With a nonstop news cycle and a spin machine set to "sensational," there's never been a more urgent time for documentaries that take their time and lean on extensive research. And it's never been easier to watch such documentaries; nearly every one of the 45 films we named the best documentaries of 2017 are available to stream on Netflix, Hulu, HBO, Amazon Prime or another instant-watch platform. 

Where should you start? With Academy Awards less than a month away, the five films vying for the Oscar is an obvious way into the documentary conversation. This year's batch range from heart-racing, investigative portraits to intimate explorations of family and friends. For your viewing pleasure, here are the nominees, and where to stream them.
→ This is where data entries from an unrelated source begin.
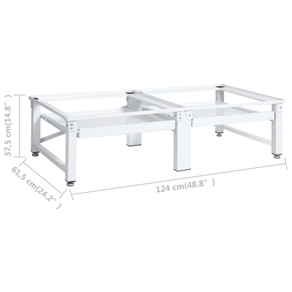 Dieser doppelte Sockel kann verwendet werden, um Wasch- und Trockenmaschinen vom Boden fernzuhalten und sie auf eine geeignete Arbeitshöhe zu heben, damit Sie sich nicht zu sehr bücken müssen, um Wäsche hineinzulegen oder herauszunehmen. Das doppelte Untergestell ist aus starkem Stahl gefertigt, was es sehr stabil macht. Dabei kann jeder Teil eine Waschmaschine oder einen Trockner mit einem Gewicht von bis zu 100 kg tragen. Dank rutschfester Polster stehen Wasch- und Trockenmaschinen stabil. Da die Füße höhenverstellbar sind, kann das Podest zum Ausgleich von Bodenunebenheiten angepasst werden. Es verfügt außerdem über zwei praktische Ausziehablagen, die für zusätzlichen Stauraum sorgen.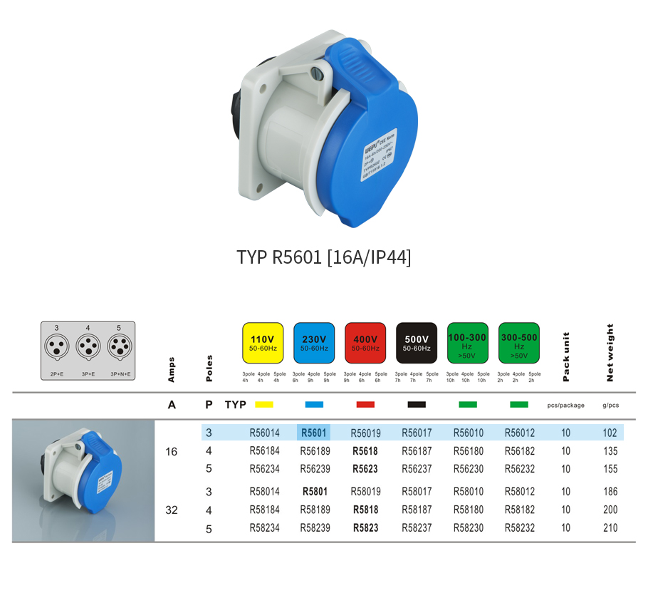16A 3PIN Panel mount socket TYPR5601-IP44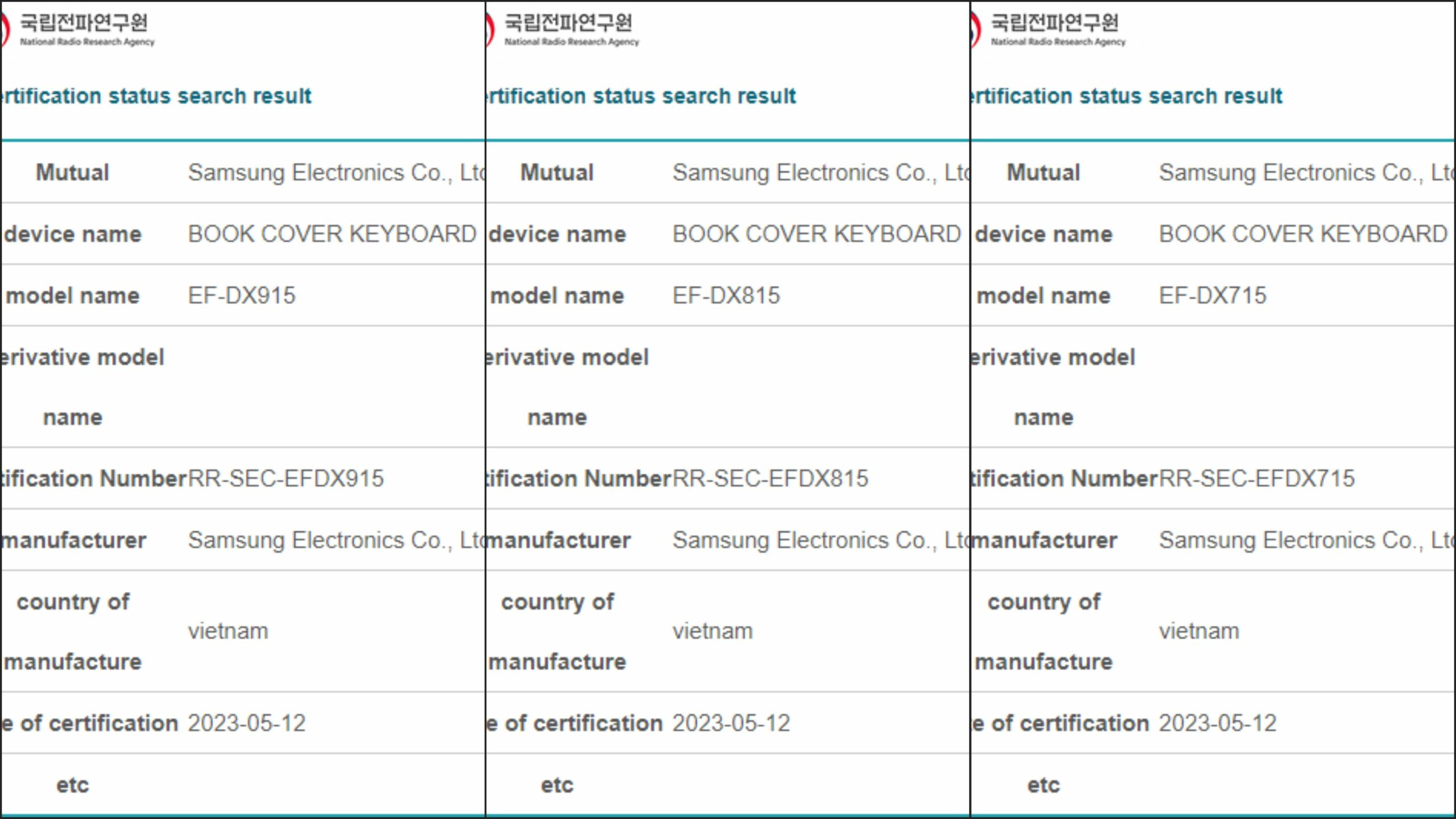 The official Book Cover Keyboards for the unannounced Galaxy Tab S9, Tab S9+, and Tab S9 Ultra have popped up online at the Radio Research Agency (via Galaxy Club), which is the equivalent of South Korea's FCC.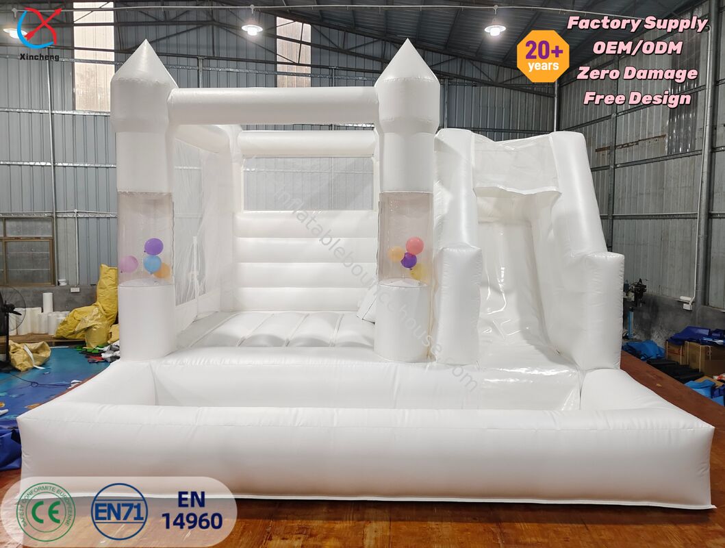 Bu zarif beyaz düğün temalı şişme zıplama evi, yerleşik bir kaydırağa sahiptir ve düğün partileri ve kutlamaları için sofistike bir eğlence çözümü sunar. Ticari sınıf yapısı, her yaştan misafir için güvenli zıplama ve kayma eğlencesi sağlar.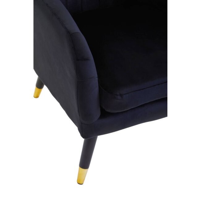 The Oriel Black Velvet Scalloped Armchair creates a sleek aesthetic. It is upholstered in black velvet which is complemented by the sturdy black legs which have a luxe gold tip at the end.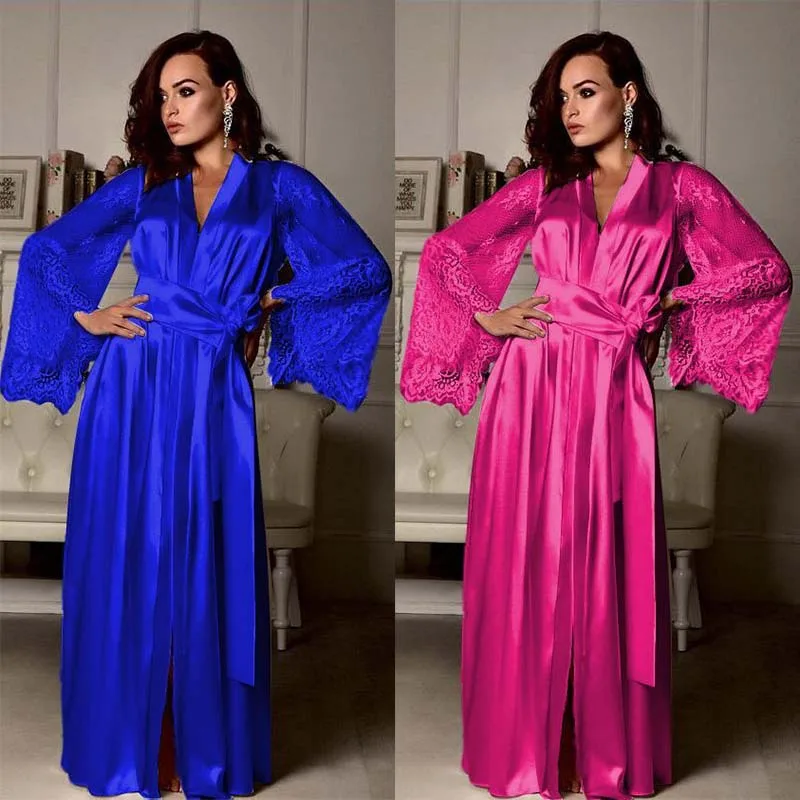 2021 сексуальное женское белье, Шелковый кружевной длинный халат, н...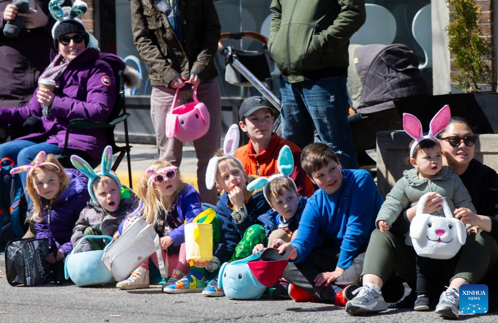 Children wearing bunny ear decorations sit on the curb waiting for a candy distribution during the 2024 Toronto Beaches Lions Easter Parade in Toronto, Canada, on March 31, 2024. (Photo by Zou Zheng/Xinhua)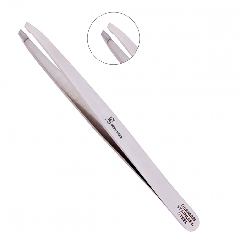 “Slim Body Tweezer” hand-filed German Stainless Steel slim body slant tip tweezer 3.5”. A delicate shaped narrow tip tweezer precisely removes hair without breakage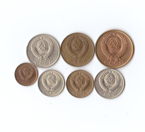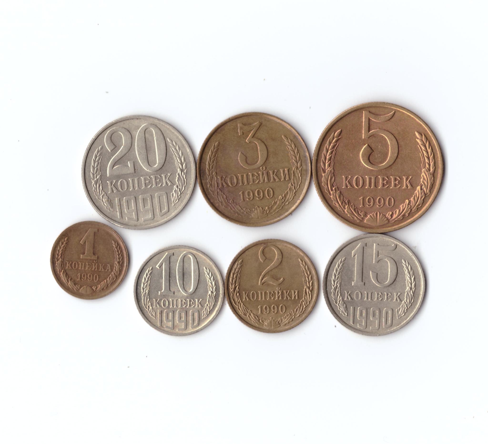 Набор монет (7 шт) 1990г. 1,2,3,5,10,15,20копеек XF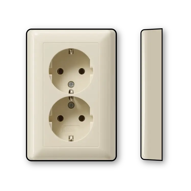 Dubbele wandcontactdoos met randaarde, geschikt voor een enkele (ronde) inbouwdoos. Serie: Standaard 55, kleur: crème glans. Zonder spreidklemmen (bevestigingsklauwen). Bedrading aansluiten met steekklemmen. Doordat deze dubbele wcd alleen geschikt is voor een enkele (ronde) inbouwdoos, ligt deze wat dikker op de muur. Dit wordt dan ook wel half-opbouw genoemd.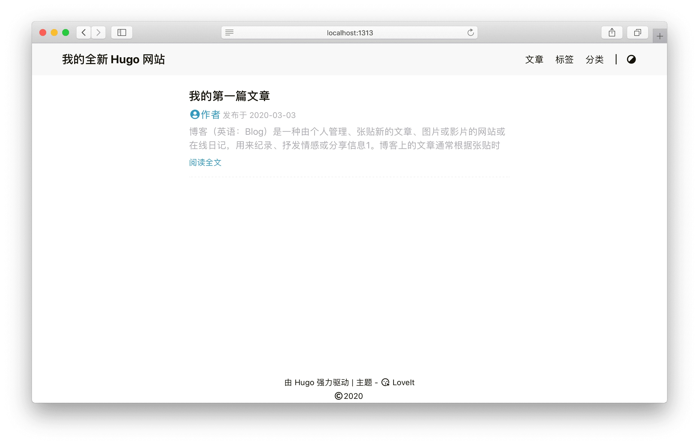 noClasses = false--theme 选项设置主题. 但是, 我建议你修改配置文件 (config.toml) 将本主题设置为默认主题.2.4 创建你的第一篇文章

ABACUS: SMALL ENOUGH TO JAIL
PBS Distribution

Abacus: Small Enough to Jail

Director: Steve James (Hoop Dreams)
Why it's great: Spotlighting a lesser-known tale of the financial crisis, this unapologetically Capra-esque film presents the story of Abacus Federal Savings Bank, the only institution to face criminal charges, rather than a beneficial bailout, for its involvement in the subprime mortgage debacle. Easily taken for granted because it's not a broader or more hard-hitting work, the perfectly conventionally doc is in fact quite revealing of systemic racism and other grander issues in America and its judicial system. But it’s also primarily just a portrait of a single family coming together against an unfortunate situation and the goliath government prosecutors looking to make an example out of their business, a pillar of New York’s Chinatown community.
Where to see it right now: Stream on Amazon Prime; rent on iTunes, Amazon, and VUDU
Watch the trailer

faces places agnes varda
Cohen Media Group

Faces Places

Directors: Agnès Varda (The Gleaners and IEllis)
Why it's great: Agnès Varda is such a delightful little woman, charming every moment of this whimsical collaboration whether she’s jauntily chatting with strangers or expressing heartache about an old friend or her deteriorating eyesight. She and famed photographer JR, 55 years her junior, embark together on an art project field trip, snapping portraits of people in villages and on farms and in factories, then plastering giant prints of these works on building walls. Faces on facades. Varda and JR look like a mismatched pair, yet their loving respect for each other gives them terrific chemistry, making them the duo of the year, regardless of whether their endeavors are as interesting as they are.
Where to see it right now: In theaters
Watch the trailer

icarus netflix documentary
Netflix

Icarus

Directors: Bryan Fogel (Jewtopia)
Why it’s great: Fascinated by doping scandals and Lance Armstrong's fall from grace, Fogel, a playwright and amateur cyclist, fell deeper into the chemical trend than he could have possibly imagined after connecting with Dr. Grigory Rodchenkov, who would reveal himself to be the director of the Russian laboratory in charge of aiding Olympic athletes. Icarus traces a line through a history of doping and Rodchenkov's whistleblowing, which ignited fury in Russia and turned him into a political target. Fogel's film is the rare science-minded doc that also plays like a Tom Clancy thriller.
Where to see it right now: Stream on Netflix
Watch the trailer

last men in aleppo documentary
Grasshopper Films

Last Men in Aleppo

Director: Firas Fayyad, Steen Johannessen, and Hasan Katan
Why it's great: We got a tease of the Syrian Civil Defence with the Oscar-winning short documentary film The White Helmets, but this feature-length showcase of the unbelievably courageous rescue workers provides a whole other experience, one that is almost overwhelming in its footage of death and destruction and also recovery. Not only does the film spotlight three of the brave White Helmets digging and saving and avoiding bombs themselves, but the filmmakers -- including directors Fayyad and Katan and cinematographers Fadi al-Halabi, Thaher Mohamad and others -- who capture the SCD’s stories deserve extra praise just for embedding and endangering their own lives to produce such a display of heroism and smuggle it out to be edited by their co-director, Johannessen, in Europe.
Where to see it: Stream on Netflix
Watch the trailer

strong island netflix
Netflix

Strong Island

Director: Yance Ford
Why it’s great: First-time director Yance Ford takes a first-person approach to documenting the case of his brother’s murder in this emotionally gut-wrenching film memoir. It’s a true-crime doc, but it’s also an autobiographical family portrait -- Ford’s main interview subjects are himself and his mother. It's one of the more intimate profiles of a senselessly terminated black life, arriving at a time when many similar stories have entered the current social discourse. We obviously don’t get to meet William Ford, but we get to know the man before he was killed over a dispute about auto repairs. The film feels handmade in a tactile sense, as archival photographs are shared manually on screen, and Ford centers himself so close up that you can almost touch his tears.